25 Killed As Guatemala’s Fuego Volcano Erupts
  • PublishedJune 4, 2018

Authorities in Guatemalan have revealed that a volcanic eruption has killed at least 25 people.  At least 25 people were killed when a volcano erupted in Guatemala, sending lava flowing into villages, and leaving homes and roads blanketed with ash.

The Volcan de Fuego, or “volcano of fire,” exploded in a hail of ash and molten rock on Sunday. The blast cut off rural residents. Rescuers have struggled to reach them.

Authorities fear the death toll could rise further because many people are unaccounted for. President Jimmy Morales has announced three days of mourning.

Volcan de Fuego (Volcano of fire) — one of the most active volcanoes in Central America — is located about 27 miles from Guatemala City.

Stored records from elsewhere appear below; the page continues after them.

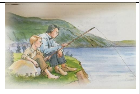
Fig. 4 The kingdom (OPE, p.130)
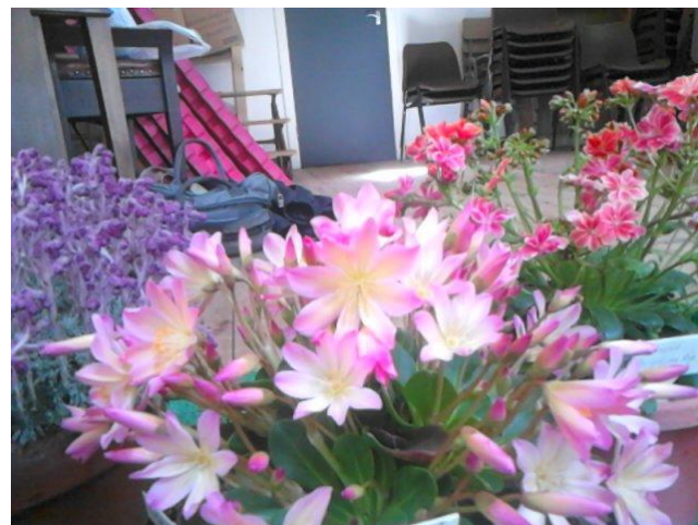
Lewisia tweedyi with L. cotyledon , behind.
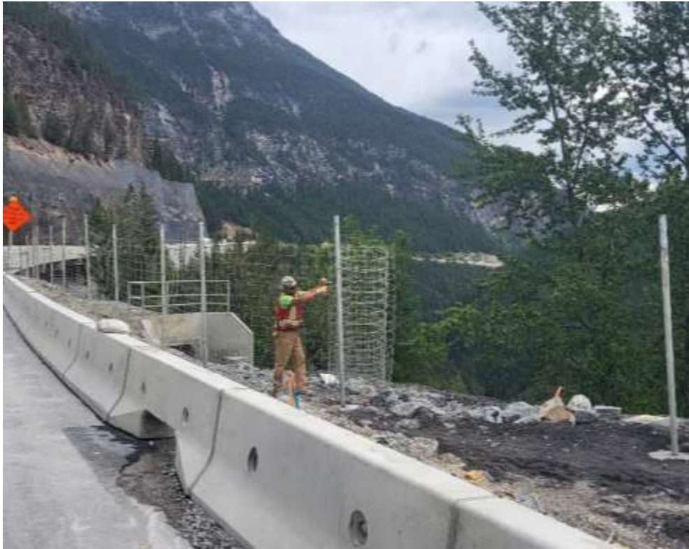
Figure 5: Wildlife Exclusion Fence at Cut 3 – June 19, 2024
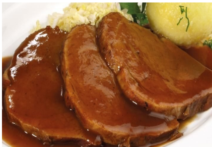
Piedmont - Brasato Braised chuck roast in Barolo red wine.
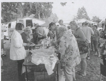
Nobody had to be hungry

day was had by all. There seemed to be many visitors from Switzerland and also lots of new young families. Some people said they remember coming along to the picnic 30 or 40 years ago and had never been back so it was a bit of a trip down memory lane, although the venue was different.
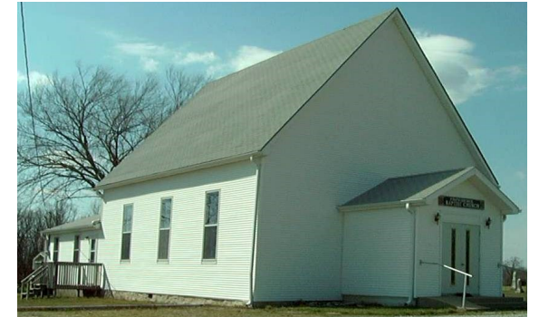
Providence Baptist Church Anniversary, April 4, 1842

2020 Monthly Requirement $7,511.27 Church receipts for March $5,145.03 Net Budget difference ($2,366.24)
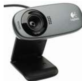
Figure 9: Webcamera
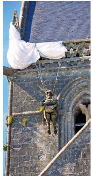
Private John Steele Monument, Sainte-Mère-Église

Knowledgeable Lecturers deepen your appreciation for the region and its history, culture and current events.
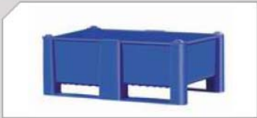
Box pallet type 800 solid SH - 440
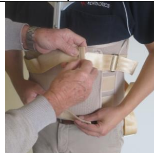
Step 6. Thread through the strap from the right side through the loop on the left strap
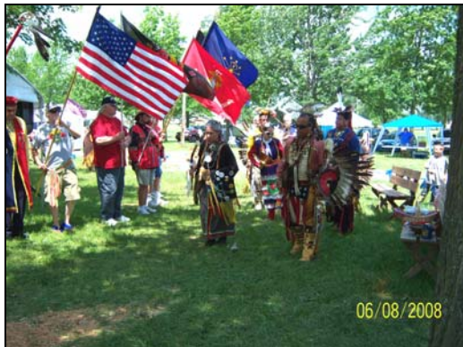
Grand Entry 2008 Gathering, June 8

An event of this size is not possible without the help of many volunteers who give unselfishly of their time and talents, and the sponsors and advertisers whose donations make paying the bills possible. The NCGLNAC Gathering of Great Lakes Nations is always held on the weekend before Father's Day weekend. Mark your calendars for upcoming Gatherings: June 13 and 14, 2009 and June 12 and 13, 2010.
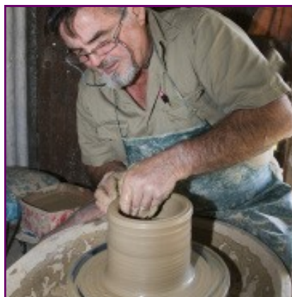
"Like clay in the hands

was an advantage as the red sandy loam country produced immediate pick for the stock [cattle and sheep to city slickers] and by the time this burnt off, the gilgai holes would be growing fodder. The black soil river flats produced feed between these two types of country.
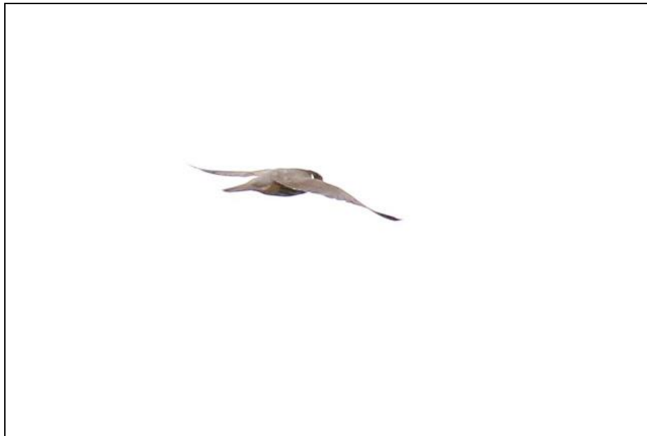
Antrim Hills, County Antrim, 11th June 2019.
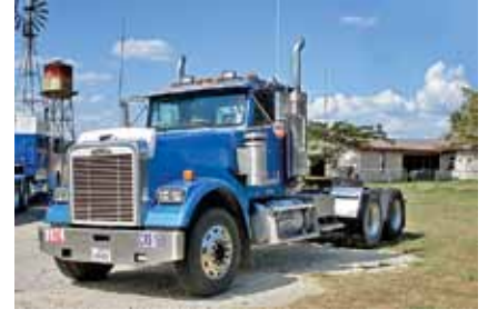
2000 Freightliner FLD120, Detroit Diesel DDC 12.7, 500 HP, 10 Spd, Air Ride Suspension, 4.33 Ratio, 220" Wheelbase, 24.5 Tires, All Aluminum Wheels, 834,320 Miles. (YPA723331-TYL-2) $23,500
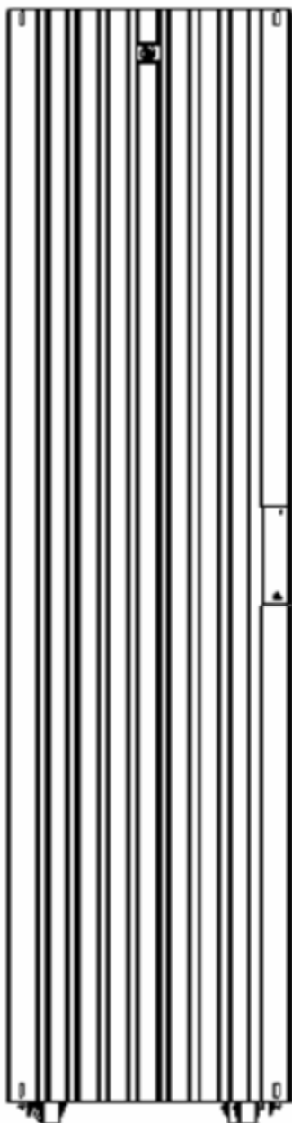
HP Rack 10000 G2 Series - front view

In addition to the universality of the new racks, important improvements have been made from the previous version, including improved and updated front door design with bright-aluminum finish; improved front and rear door handles and latches, and easier to handle three section side panels.
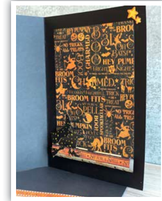
Card #3: Hey Pumpkin Horizontal Double Pop-Up
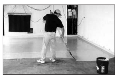
Apply Epoxy 200 with metal squeegee

Before applying the Concrete Solutions Color Flake or Quartz System, the surface should be smooth to achieve the best possible finish. If needed, patch any holes, spalls or deteriorated areas of the surface using the Epoxy 500 and sand mix used for the cracks or Concrete Solutions Quick Set Patch Mix.
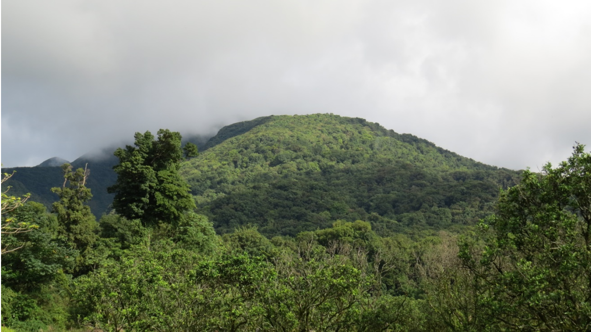
Day 1 - Northwestern flank of Morne Diablotin
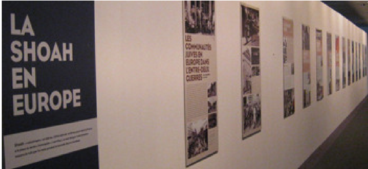
Exhibition at the Shoah Memorial, 27 January 2011.

Information taken from the website of the ITF, July 2012, and from a communication from the French Delegation to the ITF, dated 30 September 2009. The Permanent Representation of France to the OSCE confirmed, in a communication dated 31 January 2012, that ODIHR could use the information on the ITF website for publication purposes.
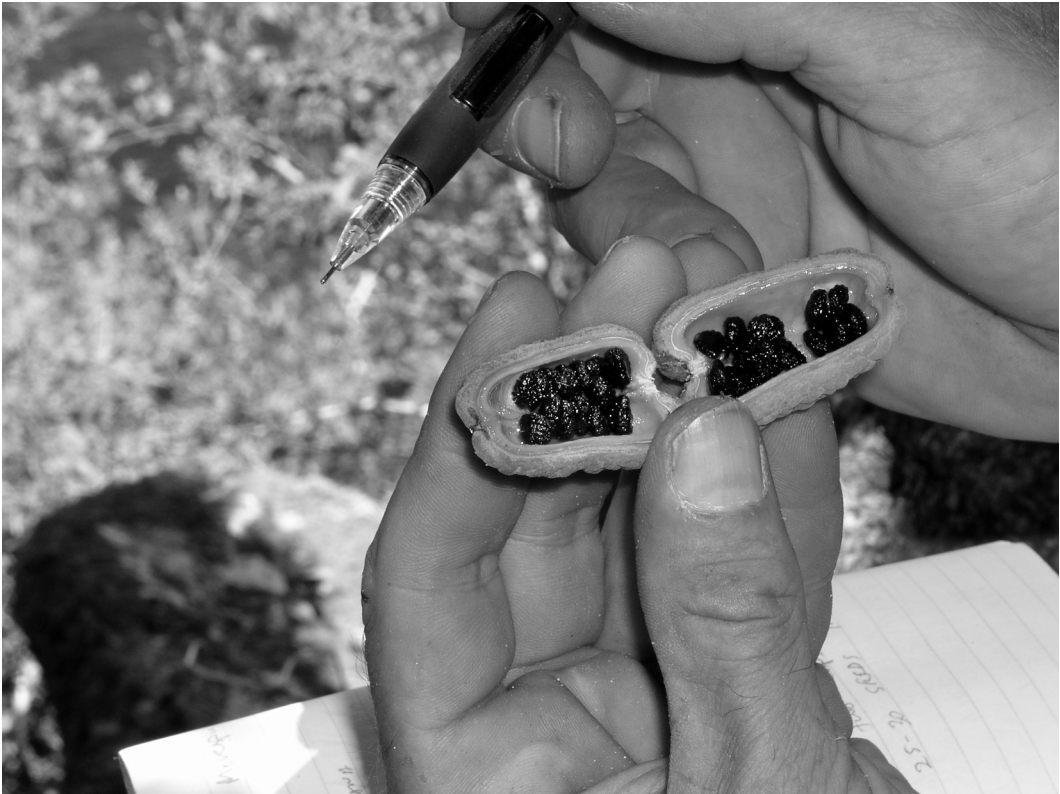
FIGURE 3. Pittosporum balophilum capsule with seeds.

forming a tube at anthesis (Figure 4) are indicative of moth pollination. Swezey (1954) was aware of several orders of insects associated with Pittosporum and made reference to a few moth genera including species of Hyposmocoma , Diplosara , and Parectopa (Lepidoptera). Steven L. Montgomery (2007, pers. comm.) noted additional species of Hyposmocoma and Philodoria (Lepidoptera) that are associated with Pittosporum along with several species of Plagithmysus (Coleoptera), Sarona (Heteroptera), and Drosophila (Diptera). Currently, herbarium vouchers and cultivated individuals indicate that P. balophilum is, with very few exceptions, functionally unisexual, having separate male and female plants. Yet the only two female individuals at Huelo produced viable seeds in the absence of male plants on the islet, and the isolated plant at

The death toll rose late Sunday after 18 bodies were found in the community of San Miguel Los Lotes, disaster agency spokesman David de Leon said. Seven people were initially confirmed dead after the volcano erupted soon after noon local time Sunday. At least 20 people were injured.

National Disaster Management Agency chief Sergio Cabañas told local radio that a lava stream changed course to head toward the village of El Rodeo, the BBC reported.

“Unfortunately El Rodeo was buried and we haven’t been able to reach the La Libertad village because of the lava and maybe there are people that died there too,” he said.

More than 3,000 people evacuated nearby communities, and the eruption was affecting an area with a population of about 1.7 million people. Shelters were opened for those forced to flee.

Hundreds of rescue workers were helping survivors and recovering bodies from the lava, while some areas were inaccessible as roads were cut off by the flow. Some firefighters were pictured weeping as they left the scene of the destruction.

Videos showed a fast-moving flow destroying a bridge on a highway between Sacatepequez and Escuintla, and barefoot residents covered in muddy residue.

“Not everyone was able to get out. I think they ended up buried,” Consuelo Hernandez, an El Rodeo resident, told the Diario de Centroamerica newspaper.

“Where we saw the lava fall, we ran to a hillside” to escape, she said.